ER: Why do you believe direct response has really caught the attention of general advertisers and brand marketers?
Khubani: You’re seeing DRTV used as a tool by more general advertisers. We’ve seen companies like Procter & Gamble and Church & Dwight, who ended up buying the OxiClean brand, using direct response as part of their marketing mix. Even companies like ProFlowers is using a real direct response commercial. So, that format has certainly caught on. Many companies have noticed that it’s successful and have been using it.
ER: You stated in a recent interview that retail sales accounted for about 90 percent of Telebrands’ business. How much of your business is derived from online?
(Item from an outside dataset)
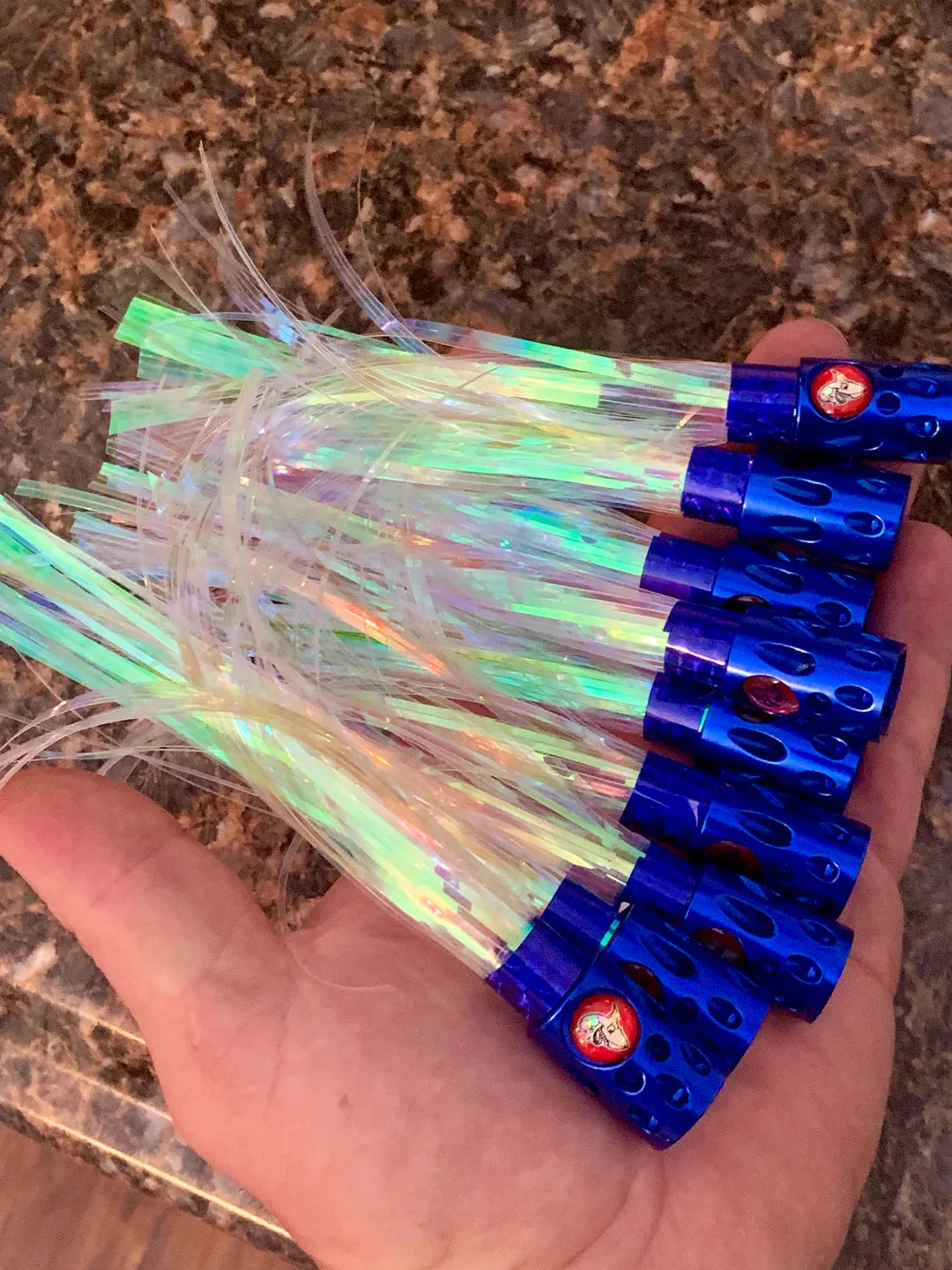 These are deadly on blackfin tuna , wahoo , mahi , mackeral and most offshore Pelagics. These are double skirted. Troll these from 4 to 8 mph without any bait . The jet heads leave a bubble trail .

Khubani: All of our direct response combined is about 10 percent online and retail is 90 percent. We’re really running our DR ads to drive business at retail.
ER: Where do you see Telebrands in the next five to seven years?
Khubani: I believe our sales will continue to grow. We’ve figured out something that really works for us. We’re coming up with inexpensive gadgets that solve everyday problems. People will always look for the next new gadget and those new gadgets will always be invented–whether it’s by us or by everyday inventors. It’s just an ongoing business and what’s changing is the way we advertise. Television is getting more diluted, not only with more cable stations but also with other ways in which people get their information–primarily the Internet. So, the advertising method may change but as far as the business of developing and marketing gadgets, I think that will remain the same and we’ll just continue to build the business on that.